_Exercise aim:_ Restate the lines word for word, from the first line of the records through the line containing "シャツとネクタイをシンプルに". Leave out the pictures and anything after that line.

_Supplied records:_
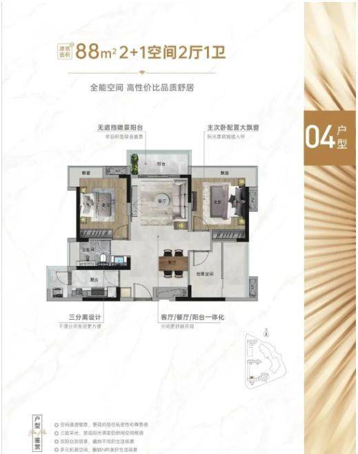 90%以上户型为纯南向板楼设计,南北通透,客厅、卧室及餐厅动线合理。主力户型88-122平方米三至四房设计,大面宽短进深,空间利用率高,部分户型配置观景阳台、步入式衣帽间,满足家庭日常生活及收纳需求。
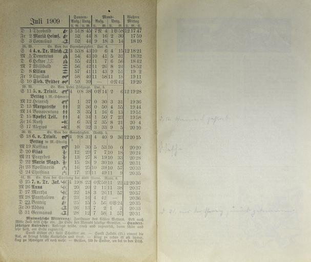 | Keywords: Mecklenburgischer Kalender 1909 015.jpg Großherzoglich Mecklenburg-Schwerinscher und Mecklenburg Strelitzscher Kalender für 1909 Hinstorff'sche Verlagsanstalt Wismar own photo of item in own collection 1909 anonymous PD-old-100 Mecklenburgischer Kalender 1909 Photos by User AndreasPraefcke |
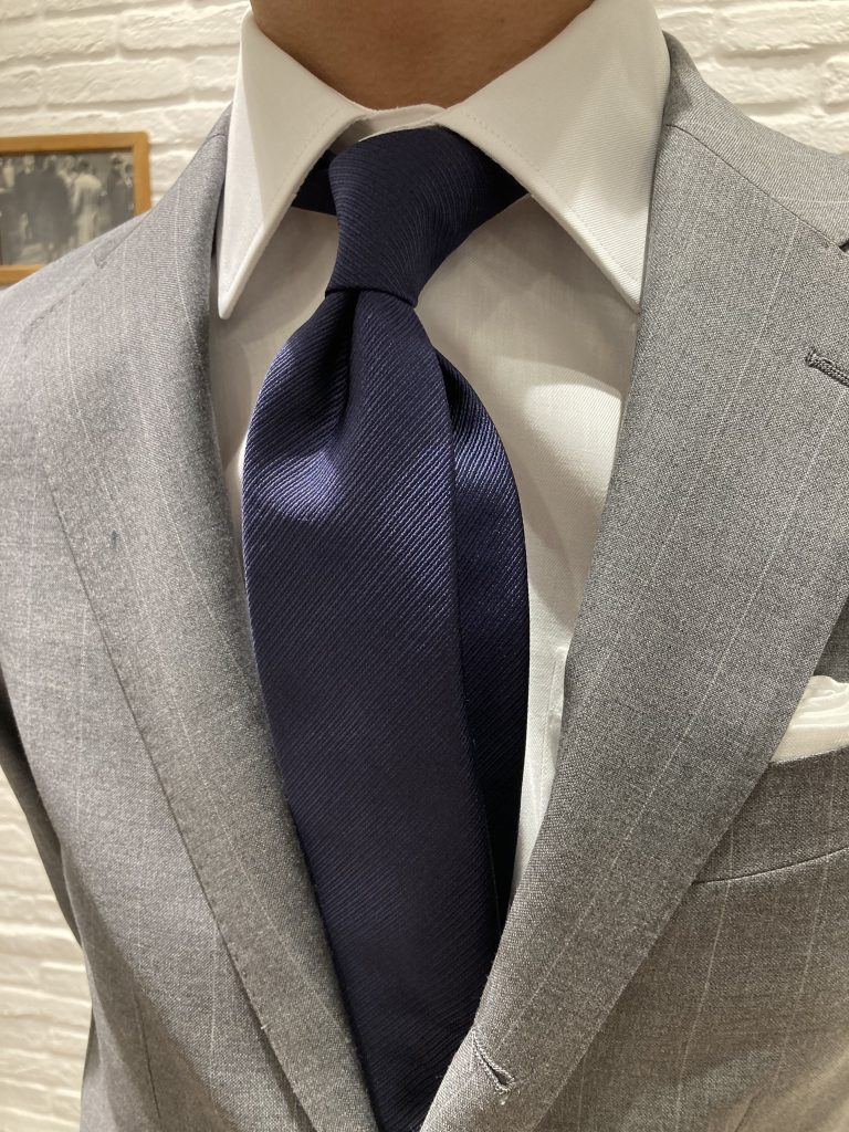 シャツとネクタイをシンプルにまとめる事でスーツがより際立ちますので、無地のネクタイをお持ちでない方にもオススメです!
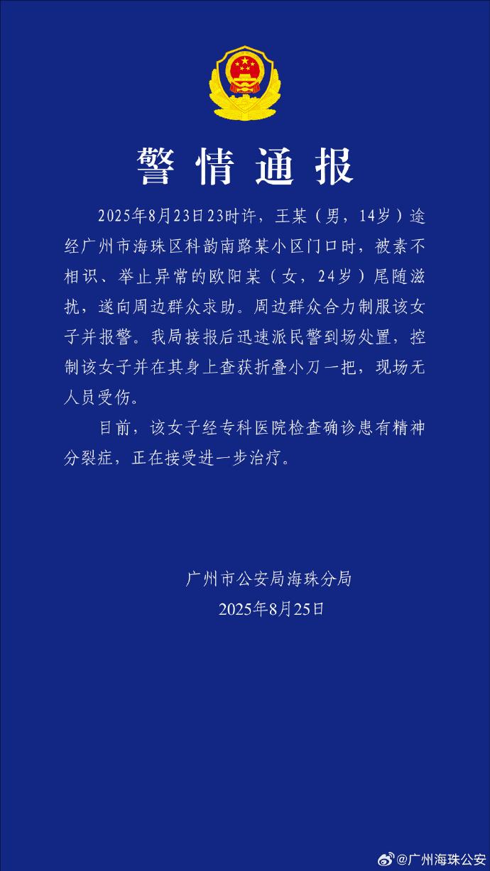 通报称,2025年8月23日23时许,王某(男,14岁)途经广州市海珠区科韵南路某小区门口时,被素不相识、举止异常的欧阳某(女,24岁)尾随滋扰,遂向周边群众求助。周边群众合力制服该女子并报警。广州市公安局海珠分局接报后迅速派民警到场处置,控制该女子并在其身上查获折叠小刀一把,现场无人员受伤。
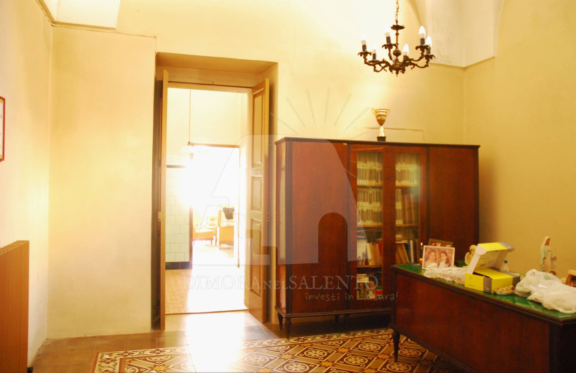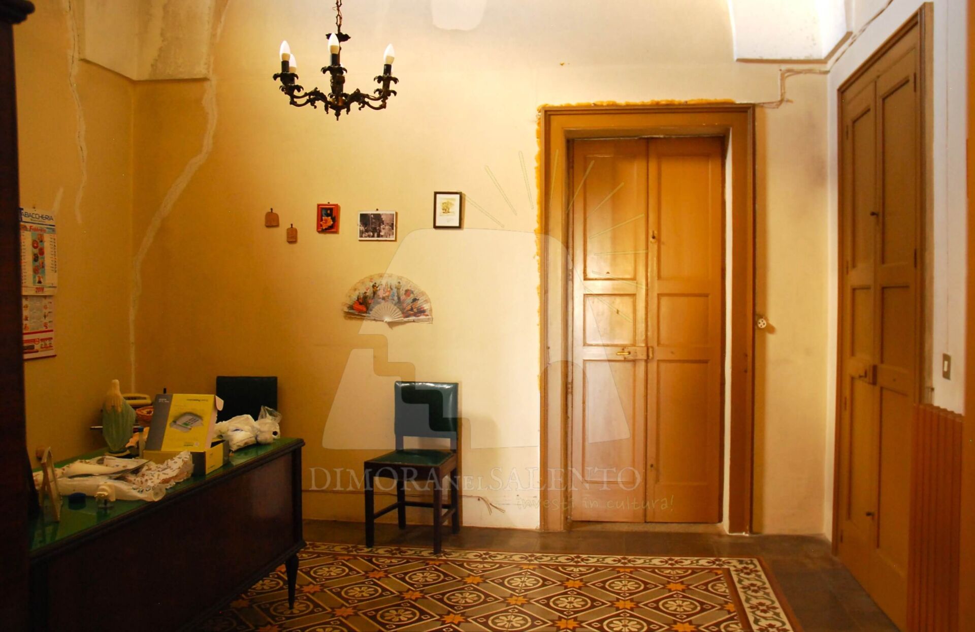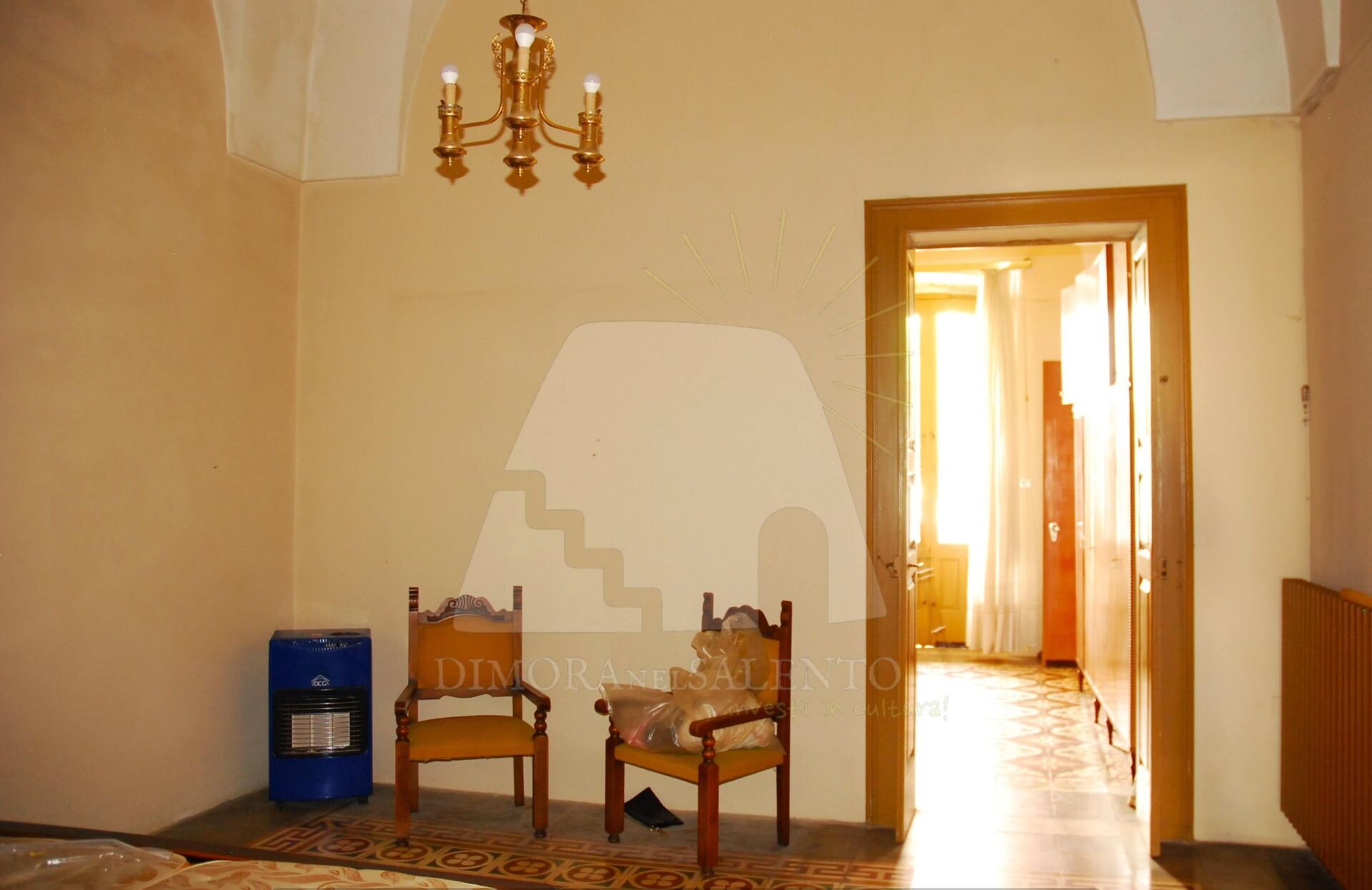 - Un corridoio centrale che disimpegna tre ampie stanze con volte a stella e pavimenti in cementine decorate originali.
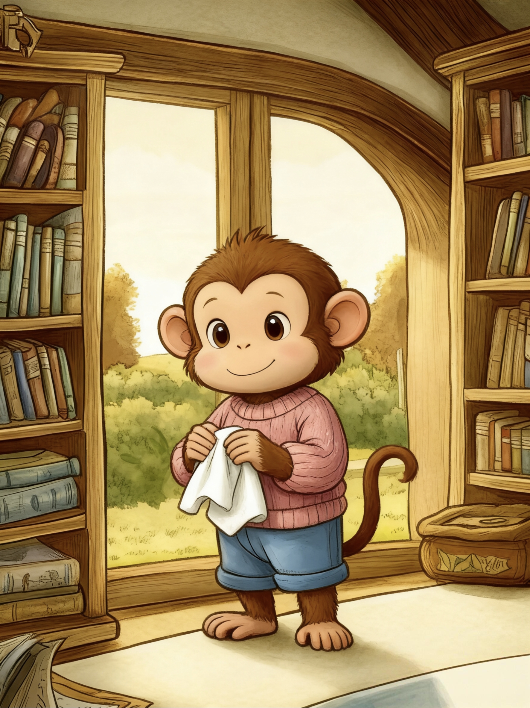 从那以后,小猴子齐齐看完书会用布擦净、检查折角,再轻轻放回书架摆好。它还常擦书架,如果不小心把书弄脏了一点,它就会小心翼翼地用橡皮擦干净。现在,齐齐的书都干干净净、平平整整的,它们依然每天陪伴着齐齐,给它讲述一个又一个精彩的故事。
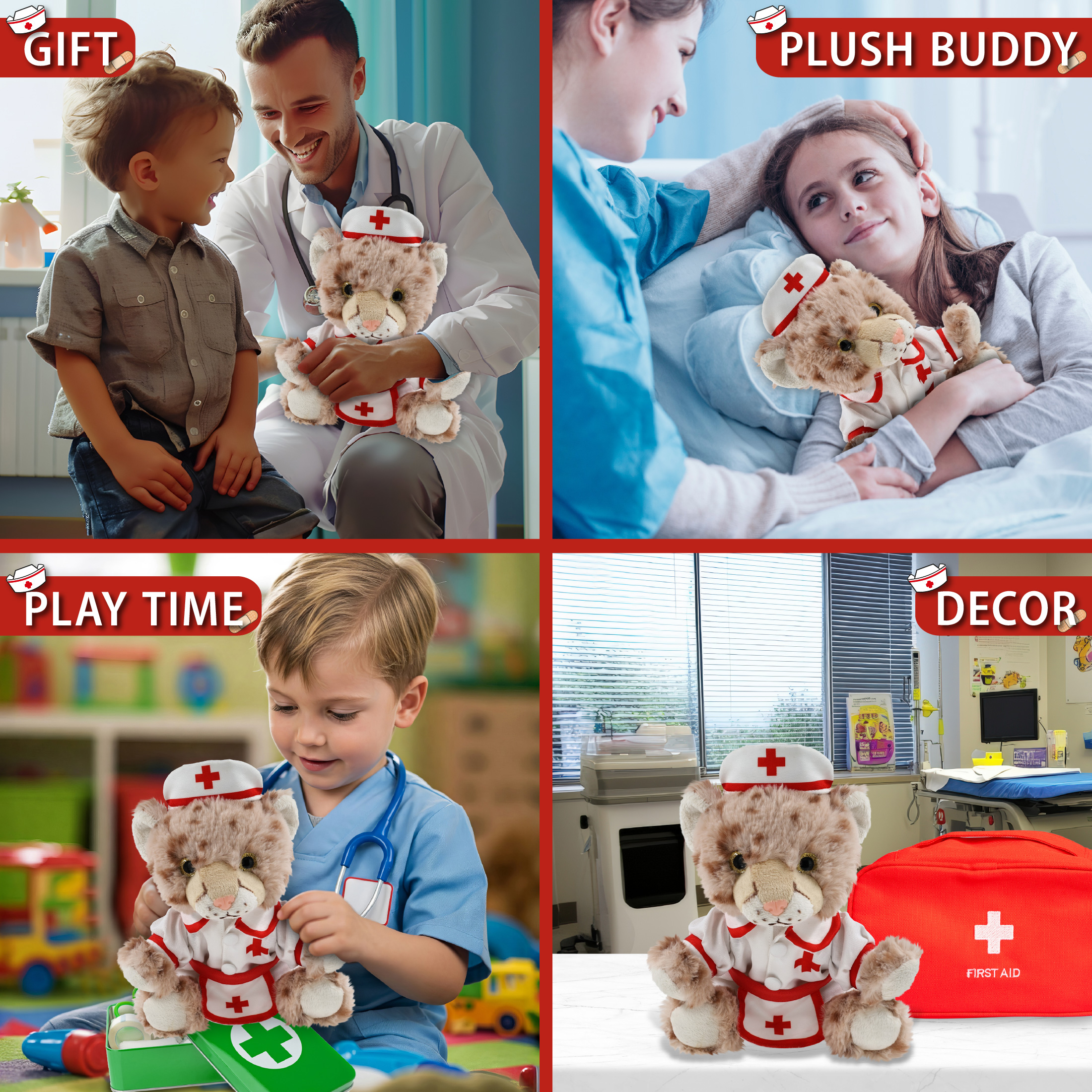 - Perfect Wild Animal Stuffed Toy Nurse Plush for Those Who Appreciate Health Care Workers – If you’re looking for a gift for nurse graduate, a get well teddy bear for your sick friend, the stuffed nurse cheetah brings a comforting, playful vibe to any occasion. Ideal hospital gifts for children to make them feel safe or as medical toys for kids to inspire them at a young age. The perfect stuffed animal for nurses and cool storytelling.

_Exercise solution:_
 90%以上户型为纯南向板楼设计,南北通透,客厅、卧室及餐厅动线合理。主力户型88-122平方米三至四房设计,大面宽短进深,空间利用率高,部分户型配置观景阳台、步入式衣帽间,满足家庭日常生活及收纳需求。
 | Keywords: Mecklenburgischer Kalender 1909 015.jpg Großherzoglich Mecklenburg-Schwerinscher und Mecklenburg Strelitzscher Kalender für 1909 Hinstorff'sche Verlagsanstalt Wismar own photo of item in own collection 1909 anonymous PD-old-100 Mecklenburgischer Kalender 1909 Photos by User AndreasPraefcke |
 シャツとネクタイをシンプルにまとめる事でスーツがより際立ちますので、無地のネクタイをお持ちでない方にもオススメです!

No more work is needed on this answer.